#26 ゲームクローザー

 残り時間も2分を切って、明芳と牧女の試合は白熱していた。

 スコアは50-51で牧女の1点リード。

 明芳のオフェンス――!


「はっ……!」


 ふわっ――と宙に浮く無回転のボール。

 飛び入り参加した9番のフローターシュートだ。

 牧女8番のブロックの上を越し、リングの内側へ落ちていく。


「よおし……!」

「ナイシュっ、在原さん! さ、一本止めよ!」

「止めなきゃ差がつかないからなっ!」


 明芳メンバーが声を掛け合う横で、絵理香は得点板の黄色いシートをめくる。

 記録するスコアは52-51。

 コートではさきほどから、一進一退のシーソーゲームが繰り広げられていた。1点差を巡って、1ゴールごとにリードする側が入れ替わる展開。


「くっそぉ、あの9番……」

「浅木さん、ヘコんでちゃダメよ。取られた以上に取り返すの」

「わかってますって。カナエ、アシスト頼むよ!」

「うんっ!」


 ――練習試合の熱量じゃない。

 この熱さは、何か大切なものがかかった勝負の熱さだ。それこそ、県大会出場がかかった一戦であるかのような。


「浅木さんっ!」

「はい!」


 12番からのパスを受けて4番がレイアップに行く――と見せかけ、肩越しに後方へパスショルダーバックパス

 8番がすぐ後ろでボールを受け取り、一人時間差でシュート!

 明芳のディフェンスはタイミングを外された。ボールはバックボードで跳ね返り、ゴールの中へ沈んでいく。

 52-53!


「止められないわねえ……」

「ドンマイ、もう一本取ろう!」


 明芳も負けてはいない。すぐにボールをスローインして、フロントコートへ運び込む。

 瞳と茉莉花がピック&ロールで仕掛ける!

 だが、二人についているのは4番と12番。絶対的エースと、守備に優れた選手の二人だ。

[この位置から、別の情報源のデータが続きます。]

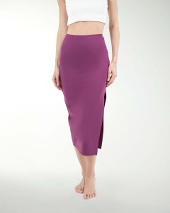 FALDA CASUAL DE LA LINEA ANTRO, ESTILO ENTALLADO CON ABERTURA LATERAL Y DETALLES DE DRAPEADO.
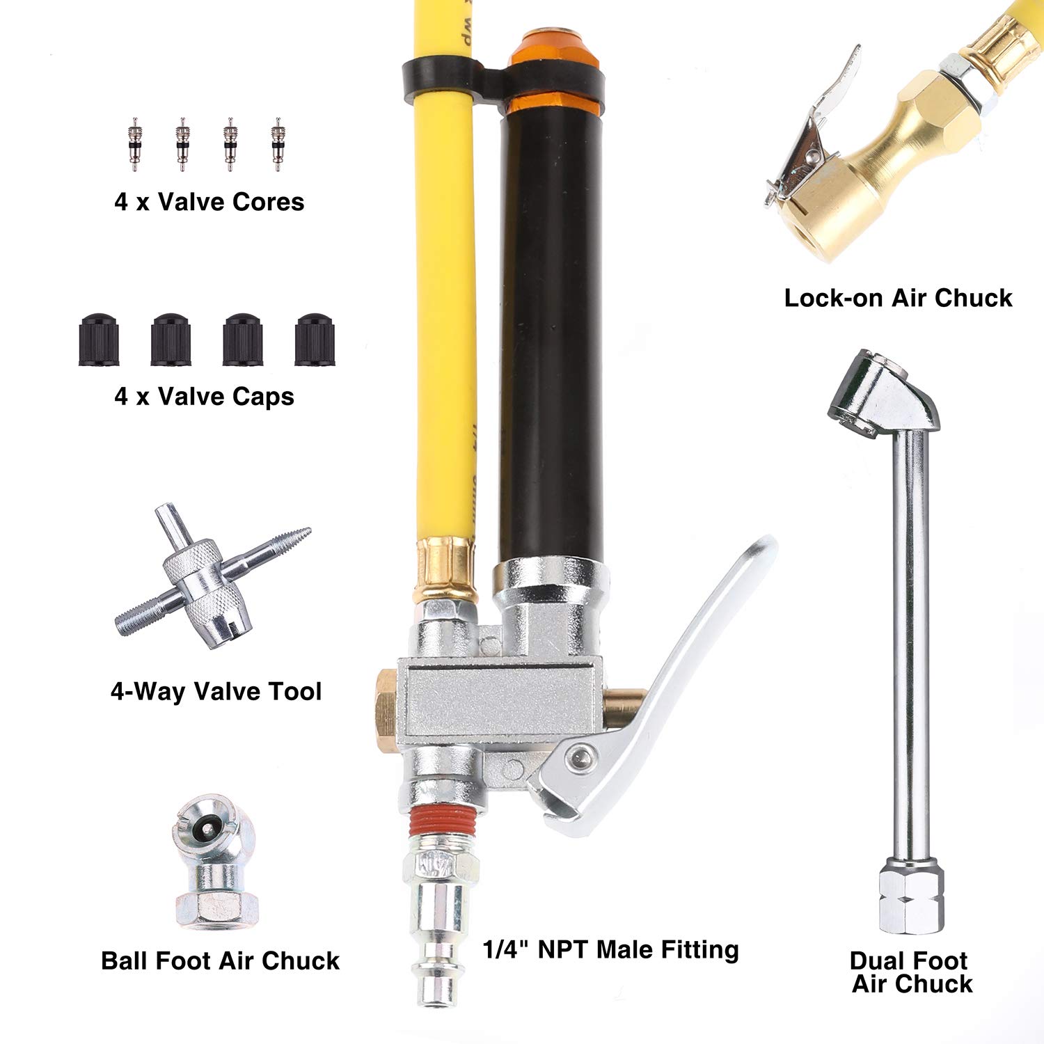 Hromee Heavy Duty Tire Inflator with Pressure Gauge 120PSI with Dual Head Air Chuck and Lock On Tire Chuck, Air Compressor Accessory and Tire Valve Tools
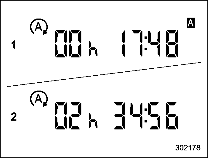 Total time in conjunction with the trip meter: Displays the total time that the engine was stopped by the Auto Start Stop system, from the last time the currently displayed trip meter was reset until the current time. By pressing the TRIP RESET switch, you can toggle the display between the time the engine was stopped for trip A

 パスが茉莉花に渡る瞬間、ディフェンス側の二人が交差し、マークを継続!


「くっ……!」


 茉莉花はジャンプシュートを撃ったが、さすがに無理撃ち。リングに弾かれ――


「リバウンドっ!」

「任せて……!」


 愛が力強く牧女の5番をボックスアウトし、オフェンスリバウンドを奪取。

 そのまま跳び上がってゴール下シュートをねじ込んだ。

 54-53!


「中原ぁ! ナイス!」

「さ、今度こそ一本止めるよ!」


 お互いのチームが一体となって、力と気迫をぶつけ合う展開。


(羨ましいわね)


 あの中に混ざりたい、とさえ思ってしまう。

 社会人サークルチームに所属している絵理香だが、これほどの熱量の試合は久しく体験していない。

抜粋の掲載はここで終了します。